John Chillag was born in Vienna on 20 April 1927 to a Hungarian father and an Austro-Hungarian mother. He was an only child. He had a Liberal Jewish upbringing, although his mother came from a more orthodox family. His father was an accountant and his mother a dressmaker. The family lived in the 18th district near the Turkenschantz Park and then in the 2nd district in the Ausstellung Strasse. At the age of 7 the family returned to Gyor, Hungary, where his father was born and his father went into the family’s building material company as the accountant. John attended a Jewish primary school and a State Secondary School and joined in after school activities. His father was politically active on the left. In 1938 his father was taken to join a labour battalion but was not conscripted in subsequent years because he was beyond the age. There were certain anti-Jewish restrictions but these did not affect his family at this time. 

The Germans overran the country in 1944 and within two weeks had implemented many anti-Jewish restrictions. Work and school ceased and the Jews were forced into a ghetto in the Jewish section of town. They were there for about 2 weeks in the house of a non-Jewish worker who swapped homes with them. They were then moved to a regional ghetto by the railway and were transported in June in cattle trucks to Auschwitz. They did not know of this place and had no idea what it meant. John, his father and uncle were selected for work, the women were not. He soon discovered what had happened to them. They were placed in a barrack near the gypsy camp and spent about 2 months there in quarantine due to an outbreak of illness. They spent their days in roll calls and in idling away their time. He heard the commotion as the gypsy camp was broken up. In August they were finally sent to the slave labour camp of Bochum, a satellite of Buchenwald. John worked in the steel works, pressing ship’s cannons under great heat without any protective clothing. His father was with him but died in the winter of exhaustion. 

In March 1945 they were taken to Buchenwald where John went to the hospital wing, being too weak to do anything. He was liberated there by the Americans in April 1945 and nursed back to health in an army hospital. He returned to Gyor and re-opened the family building material company with a cousin. He managed to purchase goods with money he found in Buchenwald. They bribed the Russians to leave the family home with 44 gallons of methalated spirits. The business was successful but in 1949 he was conscripted into the army. He took leave and fled the country for Vienna. There he became registered as a refugee with the IRO and after stays in various DP camps he sailed for Australia on the General MB Steward US Navy Ship in Feb. 1950. He was given a job in the ship’s office because he could speak English slightly and shared a two berth room and better food. He worked in Sydney then took a job in the Snowy Mountains on the Hydro Electric Scheme. There he met his future wife a London born girl called Audrey Banham. 

Keyword

Full Interview

Transcript

When I was seventeen, one year to go to matriculation, the Germans occupied Hungary, so I never went to the last class before graduating from school. …All the anti-Jewish legislation they put into practise in Germany over years, and in less and less time as they occupied various countries, and by the time they got to Hungary, it worked like clockwork.

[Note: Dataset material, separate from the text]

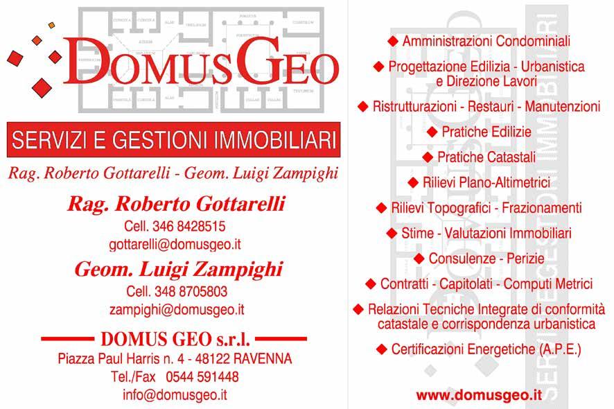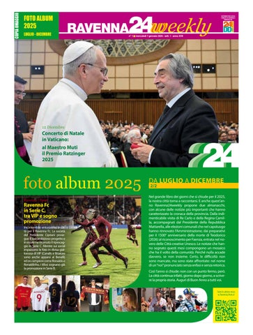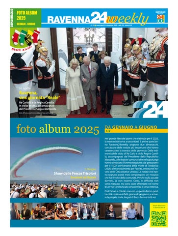 Questo periodico è aperto a quanti desiderino manifestare il loro pensiero, senza recare pregiudizio ad altri, ai sensi dell’art. 21 della Costituzione e, pertanto, la sua Redazione è disposta a ricevere testi scritti, fotografie, immagini ed altro materiale dai lettori. Tuttavia, l’eventuale pubblicazione, anche in via telematica, di quanto inviato alla Redazione di questo periodico, è a totale discrezione della Redazione medesima. In ogni caso l’eventuale pubblicazione non determina la costituzione di alcun rapporto di collaborazione dei lettori con la stessa Redazione e/o con l’Editore, né obbligo di pagamento di alcun importo da parte della Redazione e/o dell’Editore del periodico. L’invio del materiale è a titolo gratuito. Quanto inviato alla Redazione, anche se non pubblicato, non verrà restituito al mittente. Per l’invio del materiale l’indirizzo è: redazione@ravenna24ore.it È vietata la riproduzione totale o parziale di foto, marchi e testi. Copyright, tutti i diritti riservati ad Edit Italia Srl.. www.Ravenna24ore.it Weekly - settimanale di fotocronaca • Direttore editoriale: Carlo Serafini • Direttore responsabile: Marco Montruccoli Testata registrata presso il Tribunale di Ravenna al n. 1367 del Registro della Stampa in data 02/o9/2010 Stampa: CSQ (BS) Editore: Edit Italia Srl.

Hungary had two types of police. Police in the more sort of urban areas, and Gendarmerie in the countryside, open areas and so on. And whilst the Police was no better, no worse than the rest of the population, the Gendarmerie were sort of hand-picked yobbos and thugs with sympathies as far right as Hitler, possibly further. And if anything we suffered more from even the limited contact we had with them, than from the Germans, at that stage.

The food wasn't all that much, was it, but one thing one has to remember about those times, that in Hungary we were living very well. There were no food shortages, or no real food shortages. So we had quite a bit of what I refer to as ‘tactical reserve’ on us, but in Auschwitz it was very rapidly disappearing.